Instructions for the task
Leave the pictures aside and give back every entry below word for word.

Data listing
Start of Block

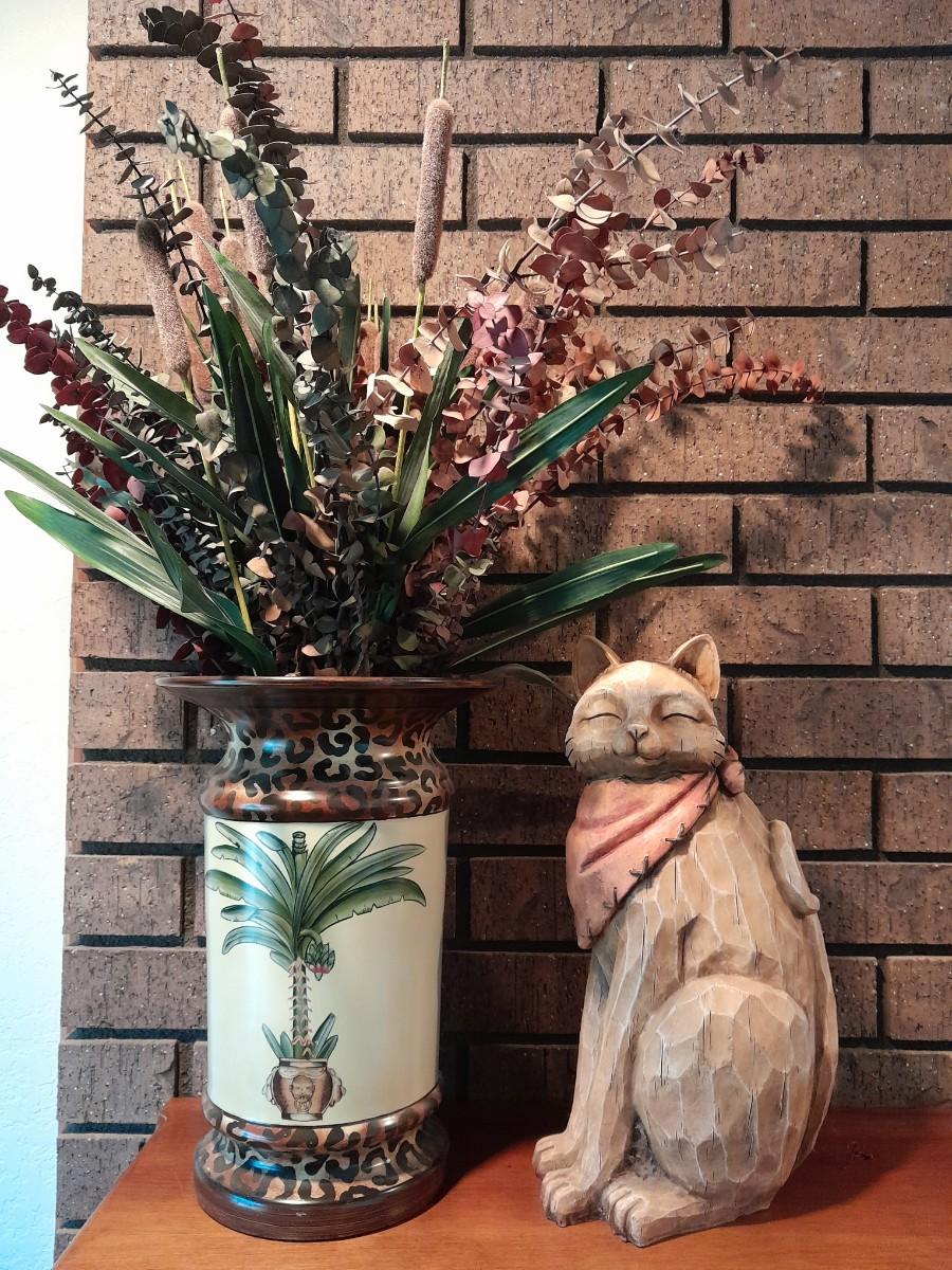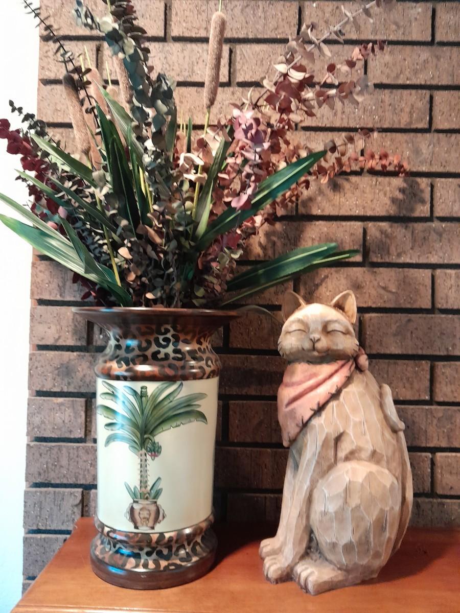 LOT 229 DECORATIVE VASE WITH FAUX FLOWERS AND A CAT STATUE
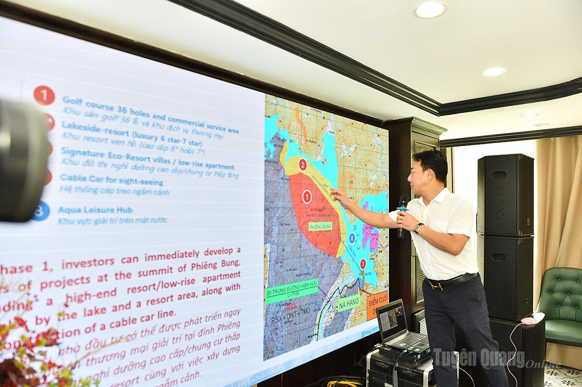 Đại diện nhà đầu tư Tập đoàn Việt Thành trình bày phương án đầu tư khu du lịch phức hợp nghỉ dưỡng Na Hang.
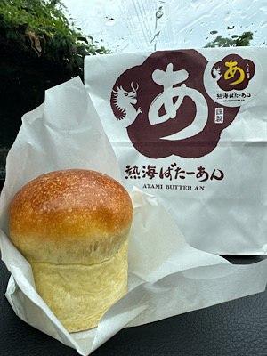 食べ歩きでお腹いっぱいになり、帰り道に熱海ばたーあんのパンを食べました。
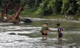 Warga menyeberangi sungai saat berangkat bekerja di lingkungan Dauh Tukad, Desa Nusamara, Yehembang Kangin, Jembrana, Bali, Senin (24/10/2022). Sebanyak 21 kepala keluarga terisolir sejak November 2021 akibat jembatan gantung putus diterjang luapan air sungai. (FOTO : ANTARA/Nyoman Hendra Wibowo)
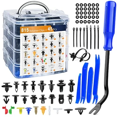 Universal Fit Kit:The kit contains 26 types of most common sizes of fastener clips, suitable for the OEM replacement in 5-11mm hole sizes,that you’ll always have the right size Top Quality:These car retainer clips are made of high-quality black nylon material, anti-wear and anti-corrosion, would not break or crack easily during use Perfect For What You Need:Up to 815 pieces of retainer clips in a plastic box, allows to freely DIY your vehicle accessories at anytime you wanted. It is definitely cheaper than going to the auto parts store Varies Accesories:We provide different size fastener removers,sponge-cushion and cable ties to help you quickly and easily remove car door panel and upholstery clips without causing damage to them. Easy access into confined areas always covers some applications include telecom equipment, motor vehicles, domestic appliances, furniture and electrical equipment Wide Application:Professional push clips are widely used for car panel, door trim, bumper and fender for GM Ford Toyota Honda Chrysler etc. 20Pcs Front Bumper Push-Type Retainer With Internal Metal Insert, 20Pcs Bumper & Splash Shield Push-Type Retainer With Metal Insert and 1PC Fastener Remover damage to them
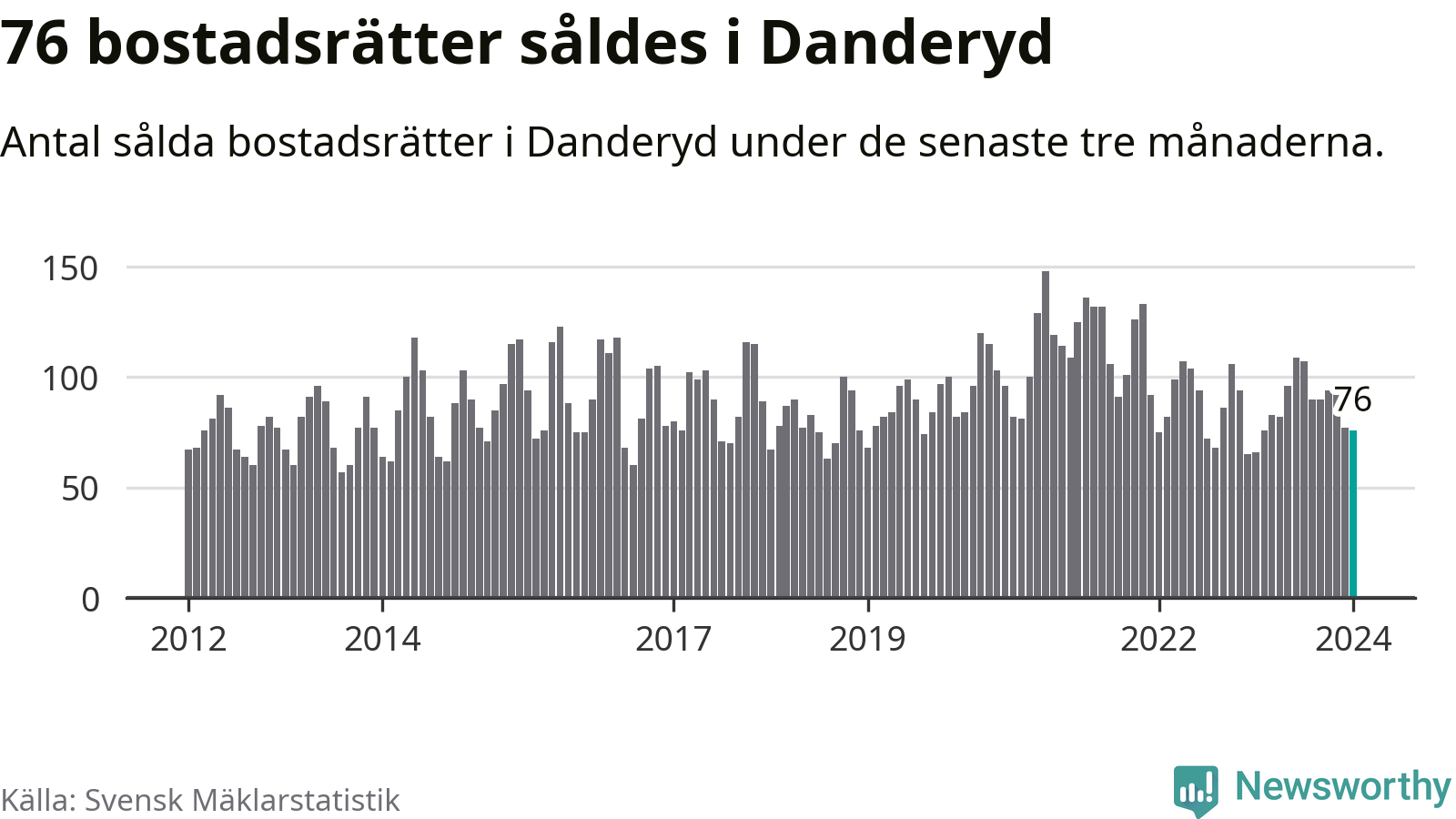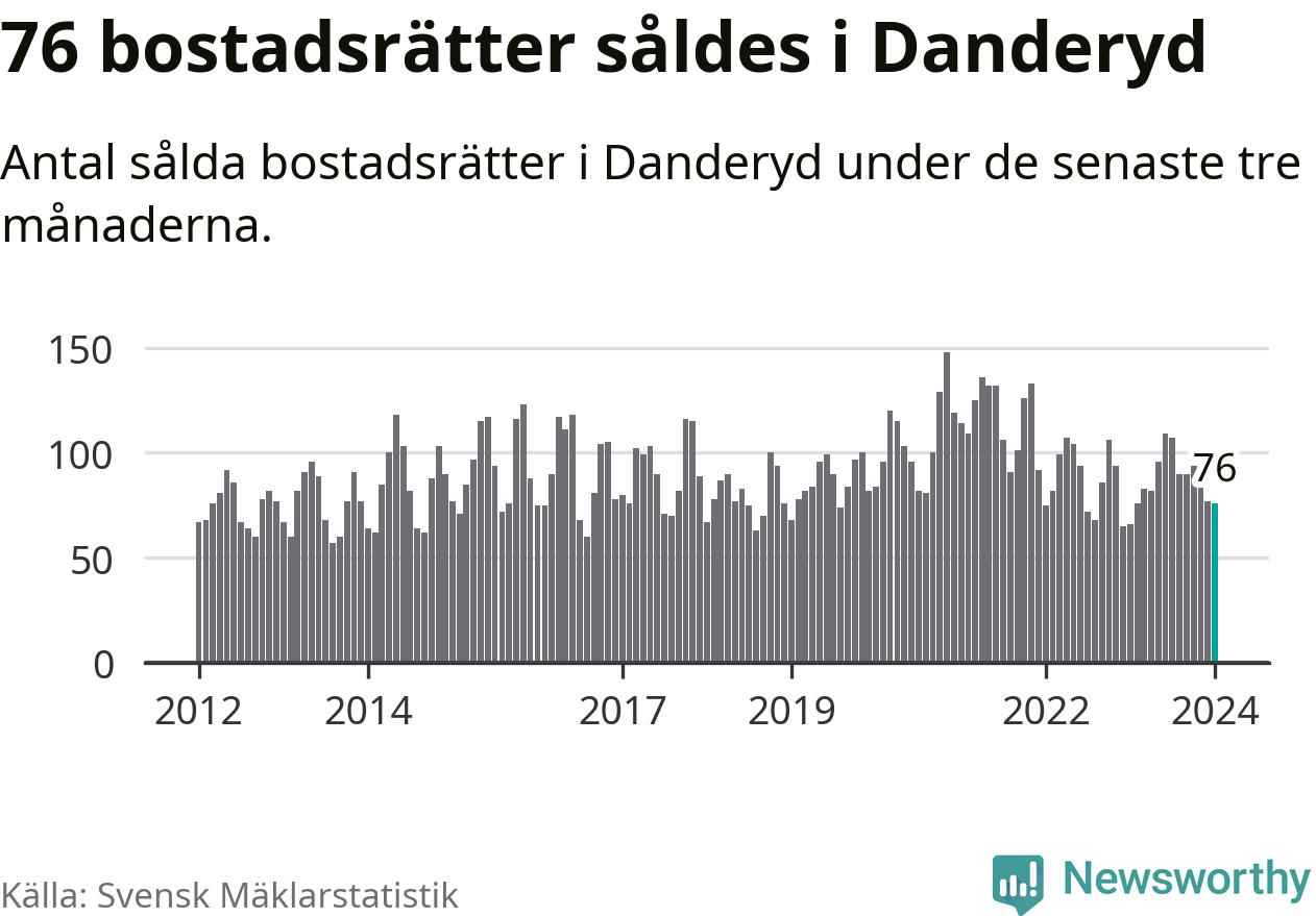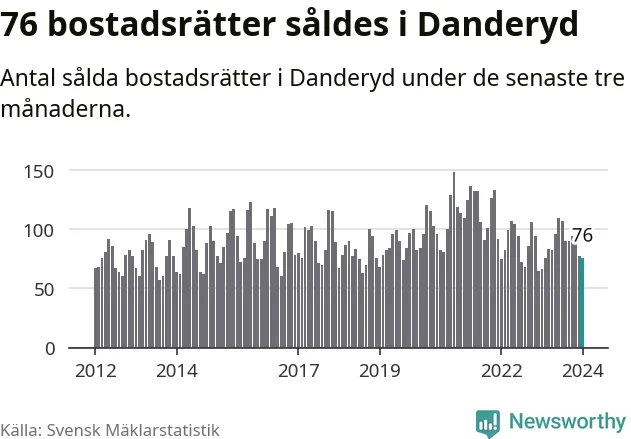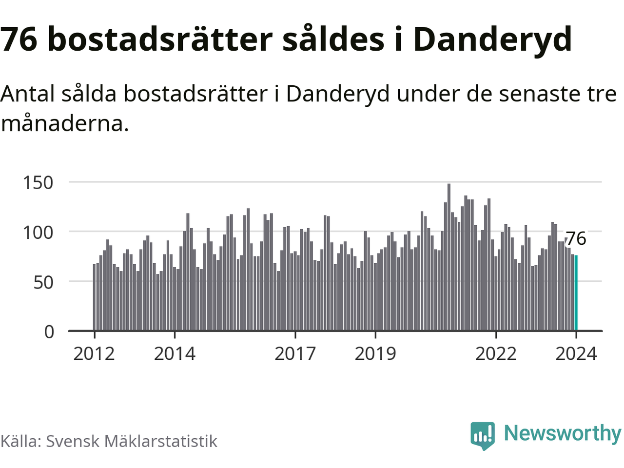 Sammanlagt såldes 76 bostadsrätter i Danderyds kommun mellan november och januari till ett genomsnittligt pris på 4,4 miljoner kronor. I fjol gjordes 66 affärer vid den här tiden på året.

End of Block

Output of the exercise
 LOT 229 DECORATIVE VASE WITH FAUX FLOWERS AND A CAT STATUE
 Đại diện nhà đầu tư Tập đoàn Việt Thành trình bày phương án đầu tư khu du lịch phức hợp nghỉ dưỡng Na Hang.
 食べ歩きでお腹いっぱいになり、帰り道に熱海ばたーあんのパンを食べました。
 Warga menyeberangi sungai saat berangkat bekerja di lingkungan Dauh Tukad, Desa Nusamara, Yehembang Kangin, Jembrana, Bali, Senin (24/10/2022). Sebanyak 21 kepala keluarga terisolir sejak November 2021 akibat jembatan gantung putus diterjang luapan air sungai. (FOTO : ANTARA/Nyoman Hendra Wibowo)
 Universal Fit Kit:The kit contains 26 types of most common sizes of fastener clips, suitable for the OEM replacement in 5-11mm hole sizes,that you’ll always have the right size Top Quality:These car retainer clips are made of high-quality black nylon material, anti-wear and anti-corrosion, would not break or crack easily during use Perfect For What You Need:Up to 815 pieces of retainer clips in a plastic box, allows to freely DIY your vehicle accessories at anytime you wanted. It is definitely cheaper than going to the auto parts store Varies Accesories:We provide different size fastener removers,sponge-cushion and cable ties to help you quickly and easily remove car door panel and upholstery clips without causing damage to them. Easy access into confined areas always covers some applications include telecom equipment, motor vehicles, domestic appliances, furniture and electrical equipment Wide Application:Professional push clips are widely used for car panel, door trim, bumper and fender for GM Ford Toyota Honda Chrysler etc. 20Pcs Front Bumper Push-Type Retainer With Internal Metal Insert, 20Pcs Bumper & Splash Shield Push-Type Retainer With Metal Insert and 1PC Fastener Remover damage to them
 Sammanlagt såldes 76 bostadsrätter i Danderyds kommun mellan november och januari till ett genomsnittligt pris på 4,4 miljoner kronor. I fjol gjordes 66 affärer vid den här tiden på året.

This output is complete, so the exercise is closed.